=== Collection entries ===
==============================
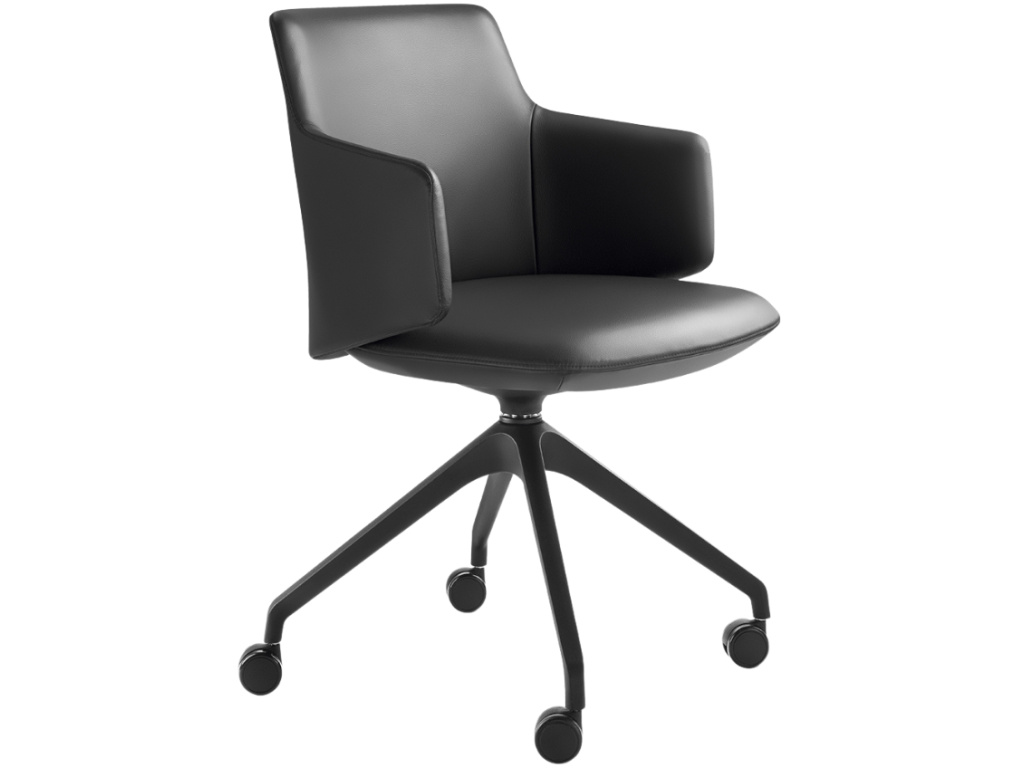 Stylová a elegantní konferenční židle MELODY MEETING vám zajistí pohodlné sezení i při delších schůzkách, poradách a pracovních školeních. Skvěle se hodí právě do konferenčních prostor a zasedacích místností, ale klidně i do odpočinkových zón. Židle je čalouněná kůží a to včetně prostorných loketních opěrek, které jsou součástí opěradla. Díky čtyřramenné podnoži s kolečky se na ní můžete snadno pohybovat po místnosti nebo ji kamkoliv přesouvat.
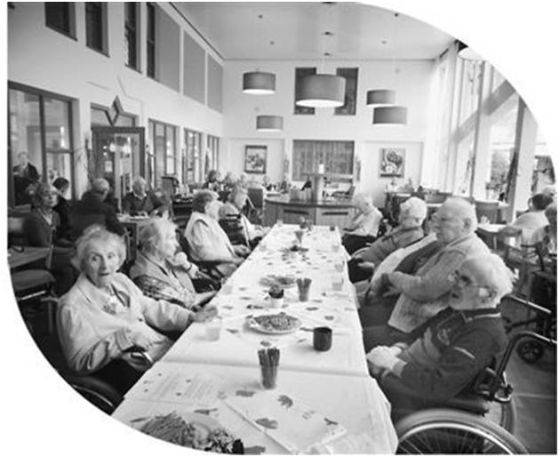 图为德国凯岩堡老年公寓的老人们在食堂一起享用下午茶。图片由德国凯岩堡老年公寓提供。
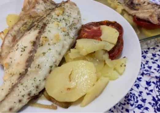 - En ese tiempo la corvina quedará jugosa y las patatas terminarán de hacerse.
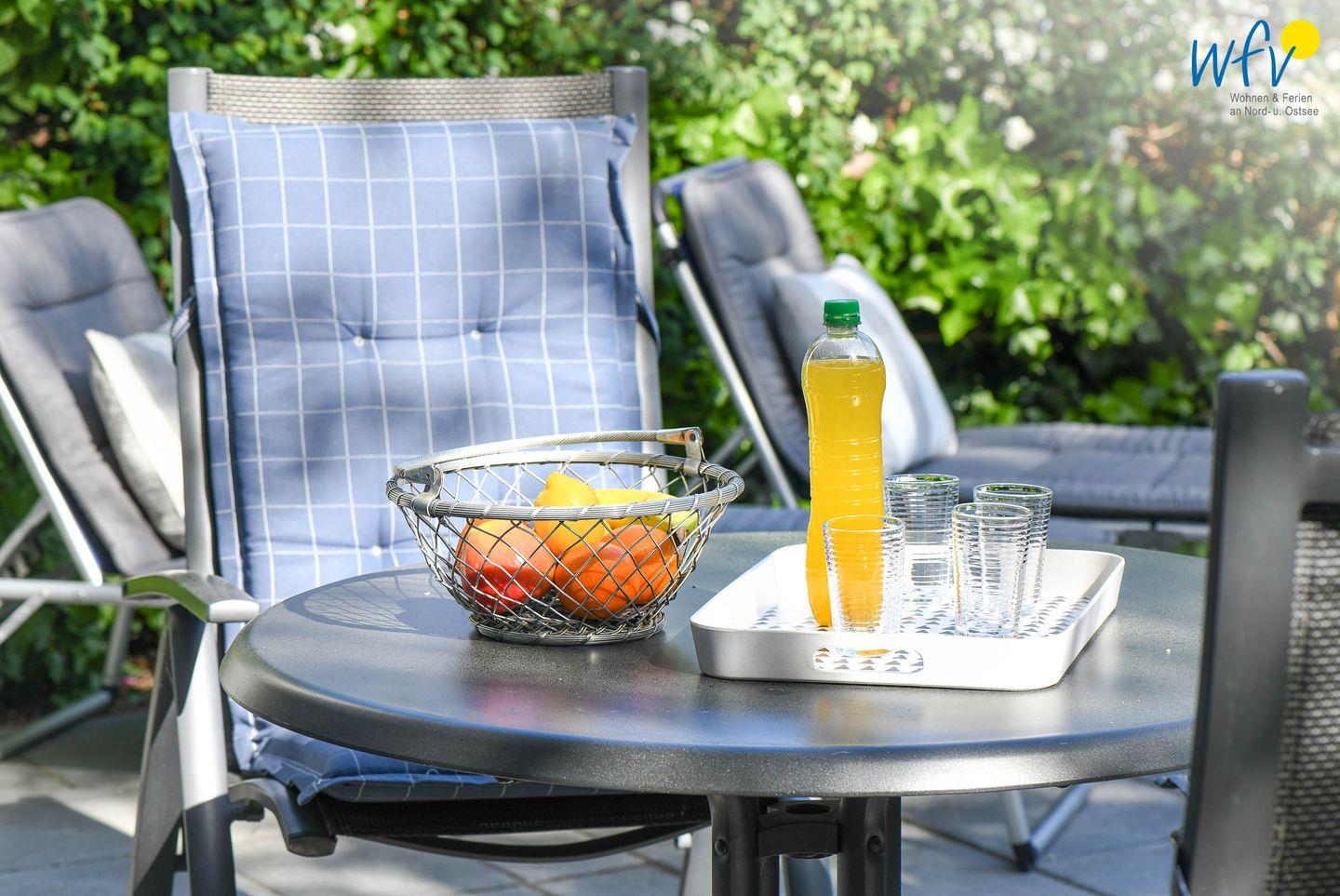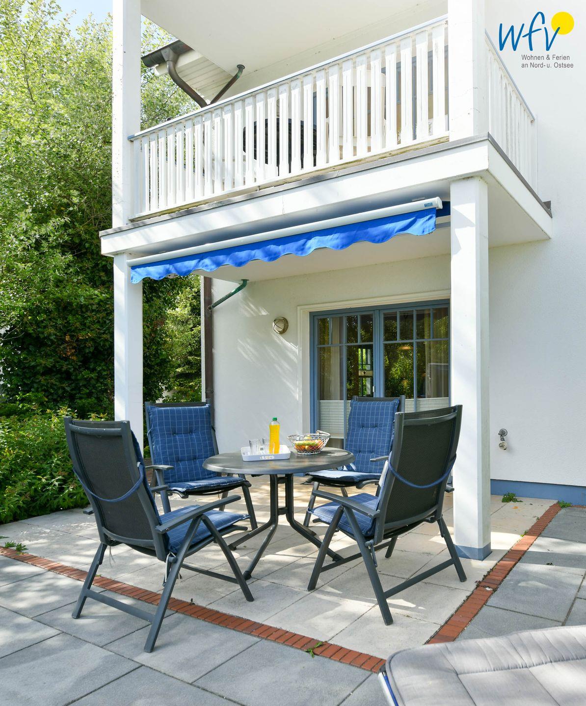 Das Highlight der Wangerooger Ferienwohnung ist die große Terrasse! Hier können Sie wunderbar am Esstisch zusammensitzen, gemeinsame Mahlzeiten einnehmen oder den Urlaubstag bei einem guten Glas Wein ausklingen lassen. Zum ausgiebigen Relaxen ist außerdem ein bequemer Strandkorb vorhanden - ideal, um wärmende Sonnenstrahlen und frische Nordseeluft zu genießen! Die Terrasse kann teilweise mit einer Markise überdacht werden, sodass es auch an heißen Tagen sehr angenehm ist.
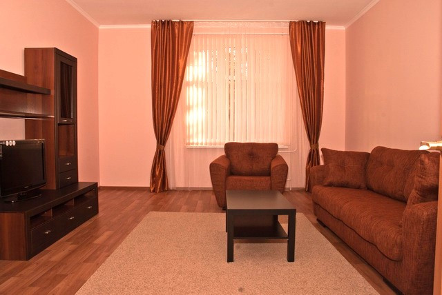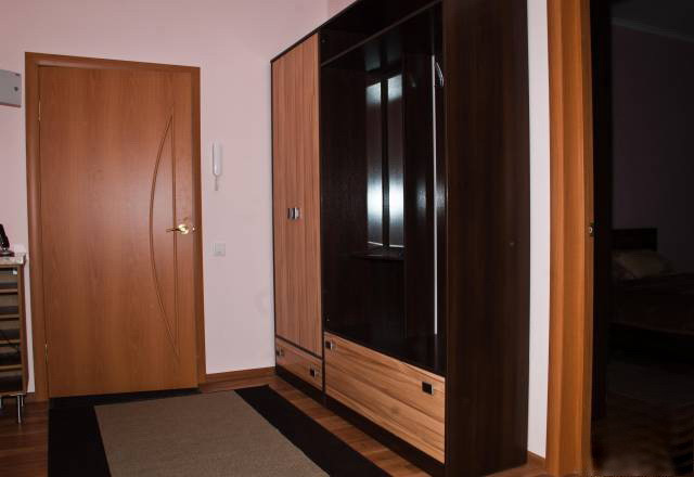 Жилая площадь составляет 41,5 квадратных метров (27 м.кв. + 14,5 м.кв.), холл 10,2 м.кв., санузел 4,7 м.кв., а кухня занимает 12,2 квадратных метров, что позволяет комфортно разместиться всей семье. Газовая плита, духовка, встроенная кухонная мебель, вытяжка, холодильник, микроволновка. Интернет, ТВ, полный комплект комнатной мебели.
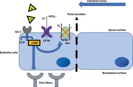 Similar to its endogenous counterpart, plecanatide activates guanylate cyclase-C on endothelial cells within the gastrointestinal tract.[10] The activation of guanylate cyclase-C catalyses the production of the second messenger guanosine 3’,5’-cyclic monophosphate (cGMP) which leads to the protein kinase A (PKA) and protein kinase G II (PKGII)-mediated phosphorylation of the cystic fibrosis transmembrane conductance regulator (CFTR) protein.[15][16] CFTR is an anion channel and upon activation it will secrete negatively charged ions, particularly chloride (Cl−) and bicarbonate (HCO3−) in to the GI tract lumen.[17][18] This disruption to the electrochemical gradient is in part rectified by the passive secretion of positively charged sodium ions in to the lumen and water follows by osmosis.[17]
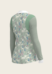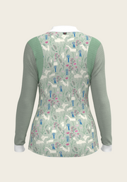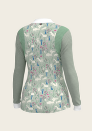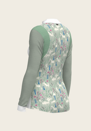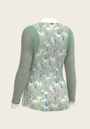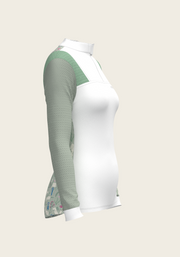 White with Rosettes in Lime Green Long Sleeve Sport Show Shirt
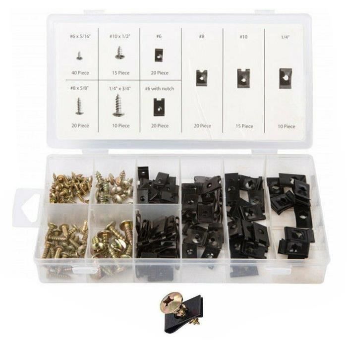 Qiilu Kit de vis autoperceuses 250 pièces vis autoperceuses en acier au Idéal pour la carrosserie automobile, le bricolage ou l'assemblage de structures métalliques, il garantit une fixation rapide, propre et efficace.Chaque élément... Kit Vis Carrosserie Le Spécialiste De La Vente En Ligne De Vis Et De Fixations Pièces Réparation Carrosserie Matériau : métal, plastique Contenu de l'emballage : 16 supports d'écrous en U 16 boulons de voiture. Fixation du garde-boue : les vis de voiture et les pinces en forme de U peuvent être utilisées ensemble pour assurer une fixation plus solide et plus sûre. 100% tout neuf et de haute qualité Les écrous en U offrent une fixation solide et sûre pour les applications où deux panneaux ou plus doivent être maintenus... 24 pinces en plastique 24 vis de voiture à tête hexagonale 28 vis de voiture à tête plate 24 pinces à ressort en U 28 pinces à ressort en U grises Vous pouvez remplacer directement les pièces endommagées pour garder le compartiment moteur propre et prolonger la durée de vie du moteur. Large application : le kit de clips de vis à écrou en tôle convient à la plupart des modèles, largement utilisé pour le remplacement et la réparation des ailes, des pare-chocs, des couvercles de moteur, des plaques de châssis, des plaques d'immatriculation de voiture et de moto, des grilles de radiateur, des garnitures de porte intérieure, etc. Installation facile : les vis et les serre-écrous sont parfaitement travaillés et ne glissent pas facilement lors de l'installation ; les filetages profonds et transparents ont une force de morsure élevée, ce qui facilite l'installation et améliore l'étanchéité.
==============================
=== WHAT NEEDS TO BE DONE ===
Your answer should be the exact lines above from the one containing "Similar to its" through the one containing "White with Rosettes", with both end lines kept and the pictures removed, please.

=== RESULT FOR THIS EXERCISE ===
 Similar to its endogenous counterpart, plecanatide activates guanylate cyclase-C on endothelial cells within the gastrointestinal tract.[10] The activation of guanylate cyclase-C catalyses the production of the second messenger guanosine 3’,5’-cyclic monophosphate (cGMP) which leads to the protein kinase A (PKA) and protein kinase G II (PKGII)-mediated phosphorylation of the cystic fibrosis transmembrane conductance regulator (CFTR) protein.[15][16] CFTR is an anion channel and upon activation it will secrete negatively charged ions, particularly chloride (Cl−) and bicarbonate (HCO3−) in to the GI tract lumen.[17][18] This disruption to the electrochemical gradient is in part rectified by the passive secretion of positively charged sodium ions in to the lumen and water follows by osmosis.[17]
 White with Rosettes in Lime Green Long Sleeve Sport Show Shirt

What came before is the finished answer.